■ DATA PROVIDED:
========================

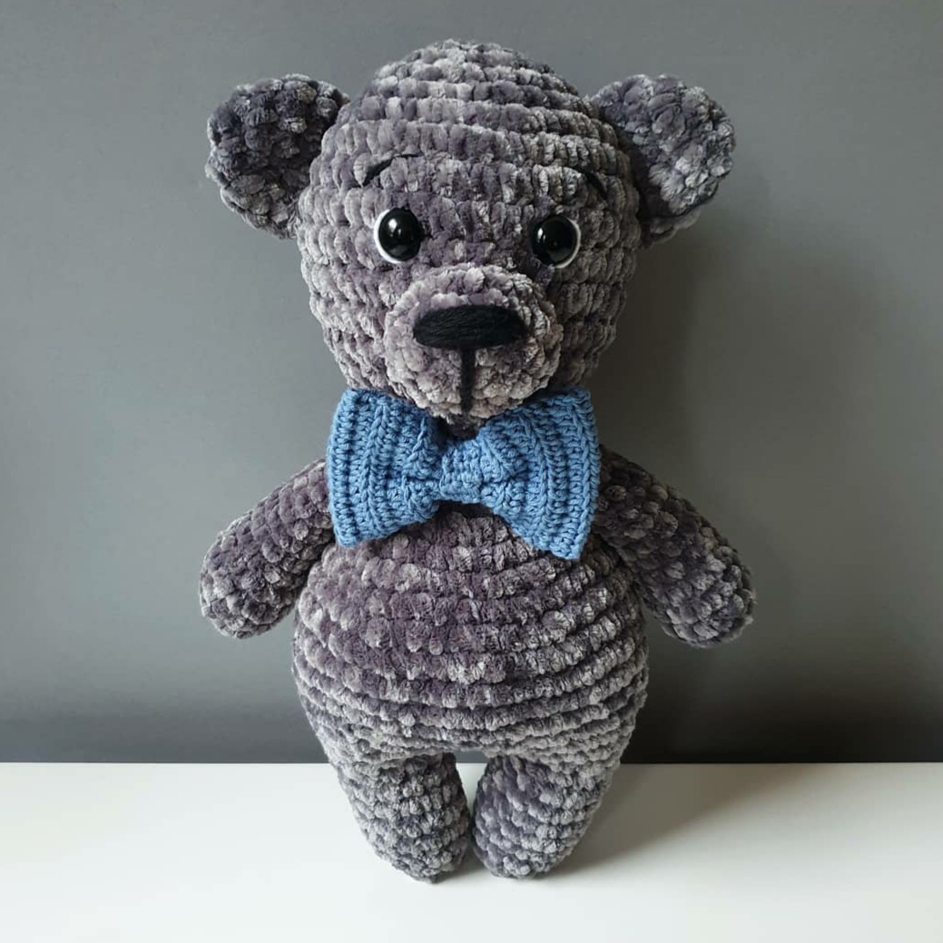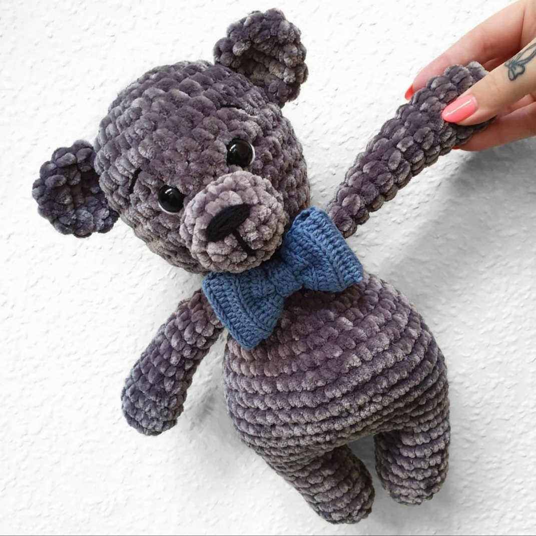 Velourbamsen er hæklet i noget blødt velourgarn som er med til at give bamsen dens bløde udtryk. Til den søde bamse, er der i opskriften også beskrivelser på et hårbånd og en butterfly som tilbehør.
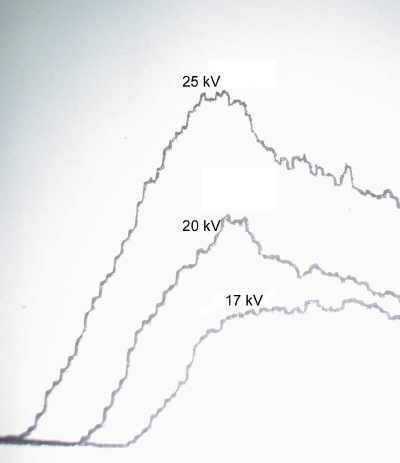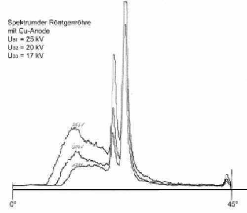 Beschleunigungsspannung von 25kV bzw. 15kV und 10kV erzeugter Röntgenstrahl
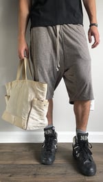 These Cotton/Poly blend shorts are from S/S 2010 "RELEASE" collection. The "Dark Shad" colored bottoms feature 4 pockets as well as Rick Owen's signature elongated drawstrings and drop crotch.
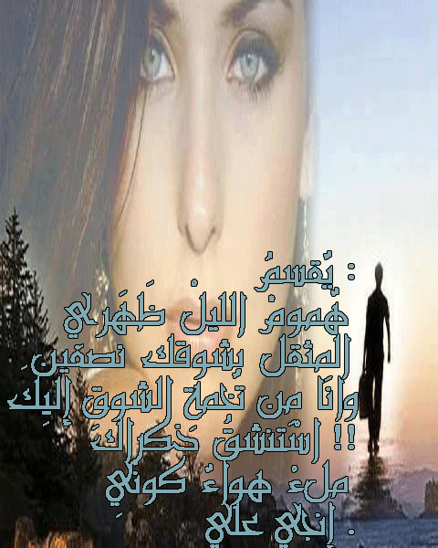 يٌقسمُ : هٌمومْ الليلْ ظَهَْريِ المثقل بشوقك نصفين وانَا مِن تًخمةِ الشوقِ إليِكَ اسْتنشقُ ذكراكَ !! ملءْ هواءٌ كَونْيِ .. إِنجْيِ عَليِ . |

========================

■ ASSIGNED TASK: The answer must consist solely of the lines from the line containing "These Cotton/Poly blend" to the end of the data, reproduced exactly, with every picture left out.

■ FINAL ANSWER:
 These Cotton/Poly blend shorts are from S/S 2010 "RELEASE" collection. The "Dark Shad" colored bottoms feature 4 pockets as well as Rick Owen's signature elongated drawstrings and drop crotch.
 يٌقسمُ : هٌمومْ الليلْ ظَهَْريِ المثقل بشوقك نصفين وانَا مِن تًخمةِ الشوقِ إليِكَ اسْتنشقُ ذكراكَ !! ملءْ هواءٌ كَونْيِ .. إِنجْيِ عَليِ . |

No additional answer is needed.